Standard 1. Assessment



Standard 1. Assessment


Sharon J. Olsen PhD, RN, AOCN


Standard 1. Assessment. The registered nurse collects comprehensive data pertinent to the healthcare consumer’s health and/or the situation.



Definition and Explanation of the Standard

Assessment is the foundation on which all health promotion, risk reduction for disease, prevention of illness and injury, care management, and organizational decision-making is built. Systematic and continuous data collection establishes a basis for the clinical reasoning necessary to respond to changes in an effective and timely manner. The use of valid and reliable assessment tools for documentation promotes the collection of a standardized set of information. Further, such tools support a shared understanding of information across disciplines, promote the comparison of data, and enhance data dissemination via electronic pathways within and across organizations. Because nurses are continuously at the bedside or may be the first and often only health professional to see an individual in the community, assessment skills must be practiced and refined to a high level.


Data Collection

Assessment, a requisite skill of nurses at all levels of academic preparation, is the collection of “comprehensive data pertinent to the healthcare consumer’s health and/or the situation” (ANA, 2010, p. 9). Typical data include but are
not limited to the following domains: age, cognitive, cultural, economic, emotional, environmental, functional, organizational, physical, psychosocial, sexual, spiritual, and transpersonal.

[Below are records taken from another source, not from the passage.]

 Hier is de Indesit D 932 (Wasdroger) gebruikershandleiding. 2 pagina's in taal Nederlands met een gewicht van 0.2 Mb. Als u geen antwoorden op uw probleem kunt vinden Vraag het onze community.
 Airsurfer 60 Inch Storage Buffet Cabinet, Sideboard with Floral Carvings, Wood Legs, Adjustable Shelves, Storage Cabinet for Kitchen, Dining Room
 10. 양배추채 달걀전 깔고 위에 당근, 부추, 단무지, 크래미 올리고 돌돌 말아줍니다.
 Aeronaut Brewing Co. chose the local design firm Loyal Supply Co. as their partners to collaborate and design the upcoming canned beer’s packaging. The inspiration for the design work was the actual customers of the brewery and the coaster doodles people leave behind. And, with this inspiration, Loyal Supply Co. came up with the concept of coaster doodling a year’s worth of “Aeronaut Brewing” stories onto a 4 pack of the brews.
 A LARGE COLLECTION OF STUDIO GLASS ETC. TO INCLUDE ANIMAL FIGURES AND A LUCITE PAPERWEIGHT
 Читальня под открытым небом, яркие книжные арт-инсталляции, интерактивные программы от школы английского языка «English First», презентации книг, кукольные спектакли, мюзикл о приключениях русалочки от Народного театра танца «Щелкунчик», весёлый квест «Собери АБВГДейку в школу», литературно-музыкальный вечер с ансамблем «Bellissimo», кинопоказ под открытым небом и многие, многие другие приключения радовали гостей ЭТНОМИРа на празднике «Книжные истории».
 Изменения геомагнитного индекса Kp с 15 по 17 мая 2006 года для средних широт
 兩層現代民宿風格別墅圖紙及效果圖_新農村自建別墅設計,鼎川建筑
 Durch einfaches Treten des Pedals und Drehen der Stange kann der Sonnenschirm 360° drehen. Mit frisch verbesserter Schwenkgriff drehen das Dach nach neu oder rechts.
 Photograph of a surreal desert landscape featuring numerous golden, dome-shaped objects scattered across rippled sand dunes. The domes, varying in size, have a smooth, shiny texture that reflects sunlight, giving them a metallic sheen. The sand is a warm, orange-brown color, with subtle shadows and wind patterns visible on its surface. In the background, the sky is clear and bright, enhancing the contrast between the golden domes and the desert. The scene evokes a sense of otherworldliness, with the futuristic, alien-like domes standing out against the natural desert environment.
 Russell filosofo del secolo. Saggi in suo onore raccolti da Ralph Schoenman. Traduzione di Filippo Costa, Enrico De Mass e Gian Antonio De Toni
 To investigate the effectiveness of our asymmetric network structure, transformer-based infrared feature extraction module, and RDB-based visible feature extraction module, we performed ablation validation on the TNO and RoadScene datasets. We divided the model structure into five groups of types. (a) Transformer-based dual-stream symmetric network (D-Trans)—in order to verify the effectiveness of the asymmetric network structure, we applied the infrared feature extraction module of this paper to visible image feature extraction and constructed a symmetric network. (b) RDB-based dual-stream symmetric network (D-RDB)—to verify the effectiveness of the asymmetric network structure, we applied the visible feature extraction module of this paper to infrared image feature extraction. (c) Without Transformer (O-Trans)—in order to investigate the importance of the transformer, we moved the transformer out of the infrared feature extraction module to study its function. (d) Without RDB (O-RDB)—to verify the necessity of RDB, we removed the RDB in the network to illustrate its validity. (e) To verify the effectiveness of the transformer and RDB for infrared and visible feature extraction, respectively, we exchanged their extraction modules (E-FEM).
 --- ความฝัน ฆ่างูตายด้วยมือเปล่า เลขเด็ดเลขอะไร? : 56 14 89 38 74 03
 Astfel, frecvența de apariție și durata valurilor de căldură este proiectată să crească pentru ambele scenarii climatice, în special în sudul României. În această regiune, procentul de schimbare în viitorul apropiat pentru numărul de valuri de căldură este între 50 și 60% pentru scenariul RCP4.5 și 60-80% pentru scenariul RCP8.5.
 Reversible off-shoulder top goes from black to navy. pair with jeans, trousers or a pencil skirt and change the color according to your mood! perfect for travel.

Assessment is contextual. The type and amount of emergent data collected on a patient with a life-threatening gunshot wound in a fast-paced Level 1 trauma center will differ from that collected from an elderly patient who underwent a hip replacement and is being considered for discharge to home or a long-term care facility. The latter will additionally necessitate assessment of financial, family, and community resources, as well as the need for environmental accommodations in the home.

The relevance of context extends to role. For example, following transition from one shift to the next, an oncoming staff nurse will typically make patient rounds to conduct a brief assessment of patient status and to update the plan of care. This type of repetitive physical assessment provides the opportunity to anticipate or identify evolving changes in status. For the nurse manager, recurring errors drive the need to analyze outcome data for contributing factors and to review the literature for relevant interventions to change practice and improve quality of care. Nurse educators must assess not only how but also what staff nurses teach. Relevant data include the following:



  • Existing clinical knowledge (assessed via survey, observed performance, or outcome data).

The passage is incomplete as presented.